> Task goal: Would you pull out every line of the material that contains the string "Figura"?

*** Begin section ***

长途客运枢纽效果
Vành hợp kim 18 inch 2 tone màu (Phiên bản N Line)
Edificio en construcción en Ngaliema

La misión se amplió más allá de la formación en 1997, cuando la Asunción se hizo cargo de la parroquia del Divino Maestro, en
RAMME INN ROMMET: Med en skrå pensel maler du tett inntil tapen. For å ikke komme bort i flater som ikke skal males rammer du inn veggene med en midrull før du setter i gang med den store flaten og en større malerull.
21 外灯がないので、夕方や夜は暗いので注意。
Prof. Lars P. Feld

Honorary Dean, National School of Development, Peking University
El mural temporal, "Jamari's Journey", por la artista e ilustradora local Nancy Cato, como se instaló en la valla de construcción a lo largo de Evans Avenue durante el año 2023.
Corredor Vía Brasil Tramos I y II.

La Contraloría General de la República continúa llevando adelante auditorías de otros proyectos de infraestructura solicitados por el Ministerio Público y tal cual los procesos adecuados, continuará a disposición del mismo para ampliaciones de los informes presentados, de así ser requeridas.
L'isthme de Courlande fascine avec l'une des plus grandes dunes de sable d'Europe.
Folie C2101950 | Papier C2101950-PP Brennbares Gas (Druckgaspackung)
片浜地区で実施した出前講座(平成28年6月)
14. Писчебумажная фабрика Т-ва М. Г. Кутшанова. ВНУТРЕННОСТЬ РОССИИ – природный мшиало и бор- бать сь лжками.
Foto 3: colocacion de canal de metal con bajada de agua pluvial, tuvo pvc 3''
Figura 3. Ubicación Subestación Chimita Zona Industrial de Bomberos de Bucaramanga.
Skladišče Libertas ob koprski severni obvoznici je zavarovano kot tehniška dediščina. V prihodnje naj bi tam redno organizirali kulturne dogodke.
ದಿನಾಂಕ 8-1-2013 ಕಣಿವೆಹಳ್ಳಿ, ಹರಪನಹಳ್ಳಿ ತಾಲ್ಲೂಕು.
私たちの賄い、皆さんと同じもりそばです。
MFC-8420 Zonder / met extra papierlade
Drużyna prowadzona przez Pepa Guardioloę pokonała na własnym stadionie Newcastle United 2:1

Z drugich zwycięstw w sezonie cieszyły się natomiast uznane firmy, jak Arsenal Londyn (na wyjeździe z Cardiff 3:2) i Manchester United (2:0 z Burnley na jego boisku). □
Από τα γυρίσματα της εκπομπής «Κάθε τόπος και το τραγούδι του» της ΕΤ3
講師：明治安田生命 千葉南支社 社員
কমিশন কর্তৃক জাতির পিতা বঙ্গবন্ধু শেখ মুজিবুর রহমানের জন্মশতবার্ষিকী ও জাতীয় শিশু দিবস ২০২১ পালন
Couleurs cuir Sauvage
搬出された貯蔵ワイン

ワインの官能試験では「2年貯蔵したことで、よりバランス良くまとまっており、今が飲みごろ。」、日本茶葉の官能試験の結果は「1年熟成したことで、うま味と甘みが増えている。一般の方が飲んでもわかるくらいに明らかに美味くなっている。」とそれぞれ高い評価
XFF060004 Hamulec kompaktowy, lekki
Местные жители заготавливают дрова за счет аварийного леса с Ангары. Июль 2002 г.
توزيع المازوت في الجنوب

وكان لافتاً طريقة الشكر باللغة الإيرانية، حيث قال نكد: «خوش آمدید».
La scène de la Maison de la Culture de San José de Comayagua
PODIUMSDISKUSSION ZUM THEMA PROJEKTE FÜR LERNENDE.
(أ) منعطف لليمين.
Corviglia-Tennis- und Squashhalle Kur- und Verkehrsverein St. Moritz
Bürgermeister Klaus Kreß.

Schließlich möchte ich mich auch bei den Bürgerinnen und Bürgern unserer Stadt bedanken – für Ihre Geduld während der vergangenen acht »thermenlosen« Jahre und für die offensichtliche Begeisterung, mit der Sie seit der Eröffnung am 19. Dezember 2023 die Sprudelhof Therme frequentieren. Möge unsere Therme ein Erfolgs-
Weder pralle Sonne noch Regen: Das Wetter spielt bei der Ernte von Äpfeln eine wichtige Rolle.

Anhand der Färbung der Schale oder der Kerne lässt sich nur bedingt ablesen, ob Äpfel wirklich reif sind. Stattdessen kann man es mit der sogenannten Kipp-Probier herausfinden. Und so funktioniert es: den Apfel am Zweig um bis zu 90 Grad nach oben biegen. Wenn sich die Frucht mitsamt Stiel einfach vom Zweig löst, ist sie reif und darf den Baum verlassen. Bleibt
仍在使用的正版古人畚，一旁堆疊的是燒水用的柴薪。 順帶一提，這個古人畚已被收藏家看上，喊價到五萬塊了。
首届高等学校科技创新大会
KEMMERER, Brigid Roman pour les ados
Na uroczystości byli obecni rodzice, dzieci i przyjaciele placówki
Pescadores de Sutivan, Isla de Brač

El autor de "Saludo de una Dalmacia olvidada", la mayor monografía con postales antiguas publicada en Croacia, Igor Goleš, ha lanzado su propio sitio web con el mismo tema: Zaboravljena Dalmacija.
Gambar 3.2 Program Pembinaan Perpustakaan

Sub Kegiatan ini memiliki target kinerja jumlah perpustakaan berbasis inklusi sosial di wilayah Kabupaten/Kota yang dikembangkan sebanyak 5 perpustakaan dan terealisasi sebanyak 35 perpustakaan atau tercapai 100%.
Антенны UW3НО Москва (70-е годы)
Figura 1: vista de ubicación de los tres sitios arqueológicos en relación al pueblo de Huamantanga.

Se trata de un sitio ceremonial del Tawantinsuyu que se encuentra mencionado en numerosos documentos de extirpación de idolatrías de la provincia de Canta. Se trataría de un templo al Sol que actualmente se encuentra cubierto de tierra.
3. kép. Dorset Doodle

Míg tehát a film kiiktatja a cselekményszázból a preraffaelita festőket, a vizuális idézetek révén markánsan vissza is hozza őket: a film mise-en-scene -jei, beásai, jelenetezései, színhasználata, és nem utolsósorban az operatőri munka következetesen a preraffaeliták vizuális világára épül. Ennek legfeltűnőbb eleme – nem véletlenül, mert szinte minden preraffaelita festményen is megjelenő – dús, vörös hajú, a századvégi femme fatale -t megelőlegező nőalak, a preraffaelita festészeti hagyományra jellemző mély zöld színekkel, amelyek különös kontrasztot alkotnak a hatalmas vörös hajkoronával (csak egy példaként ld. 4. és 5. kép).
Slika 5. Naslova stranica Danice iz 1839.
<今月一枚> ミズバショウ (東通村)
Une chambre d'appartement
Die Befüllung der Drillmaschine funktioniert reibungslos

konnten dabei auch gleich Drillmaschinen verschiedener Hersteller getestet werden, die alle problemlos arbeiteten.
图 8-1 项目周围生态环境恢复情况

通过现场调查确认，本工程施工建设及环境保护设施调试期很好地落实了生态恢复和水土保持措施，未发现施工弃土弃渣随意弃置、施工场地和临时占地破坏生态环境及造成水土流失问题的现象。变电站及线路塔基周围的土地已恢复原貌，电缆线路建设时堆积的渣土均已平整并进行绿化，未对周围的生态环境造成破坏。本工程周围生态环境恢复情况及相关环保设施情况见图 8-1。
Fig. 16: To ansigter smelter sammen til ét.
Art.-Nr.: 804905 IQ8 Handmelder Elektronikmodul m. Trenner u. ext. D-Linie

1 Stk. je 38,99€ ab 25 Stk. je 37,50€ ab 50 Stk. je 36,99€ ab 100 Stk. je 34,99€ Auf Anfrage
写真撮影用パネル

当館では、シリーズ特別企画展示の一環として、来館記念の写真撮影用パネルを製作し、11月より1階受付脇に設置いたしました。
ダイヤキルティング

*** End section ***

> Written solution:
Figura 3. Ubicación Subestación Chimita Zona Industrial de Bomberos de Bucaramanga.
Figura 1: vista de ubicación de los tres sitios arqueológicos en relación al pueblo de Huamantanga.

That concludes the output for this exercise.